Industry is not a static pie. New industries are emerging all the time (humanoid robotics being a recent example). It is neither necessary nor possible for China to monopolize every industry and indeed China has been and will continue to give ground on low technology manufacturing like textiles and cheap toys. While gaining in high technology industries.We joke about the 'but at what cost' but it literally is the cost of European deindustrialization which is why, as much as Chinese companies/technologies are increasingly competitive, the political consequence is simply not tolerable for any politician in Western Europe.
Which is why domestic demand (especially services demand) has to be the next leg of the growth (along with a moderate and acceptable amount of positive price at say 1-2% GDP deflator which will help nominal gdp even though not do anything for real gdp). The other thing is China can easily win more share on 'service' exports - like inbound travel into China - something that is virtually impossible for Western politicians to 'sanction' or 'be protectionist' against (like are they going to ban tourism to China? Lol)
Under cutting the West, Japan, South Korea, etc. is inevitable as they historically dominated high end industries. But it’s not a zero sum game. China can and should be more innovative in pioneering new industries instead of simply seeking to fast follow & monopolize existing ones.

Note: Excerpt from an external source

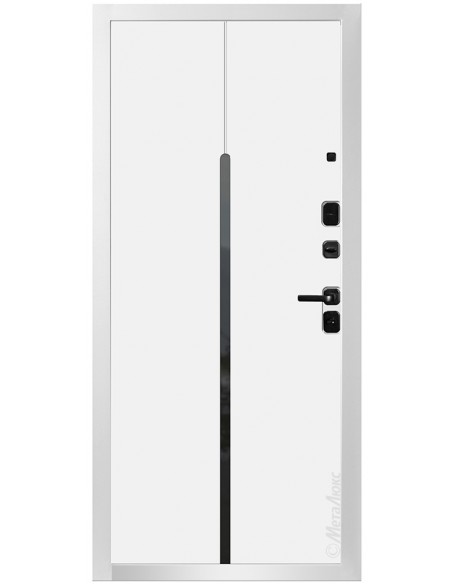 - Фрезерованная влагостойкая панель МДФ высокой плотности 16 мм, эмаль, цвет "Белый" (цвет на выбор), вставка из черного глянцевого стекла

Create demand where none existed before - like Elon Musk did with EVs & Star Link. From these new industries will emerge new opportunities that lift global productivity as a whole.
That’s the key to dominating the 4th Industrial Revolution without de-industrializing everyone else (not that China should care too much about it, but it’s not a given that you have to shift towards services). Humanity is capable of so much more than they are currently doing - where are the flying cars & when do we start mining space?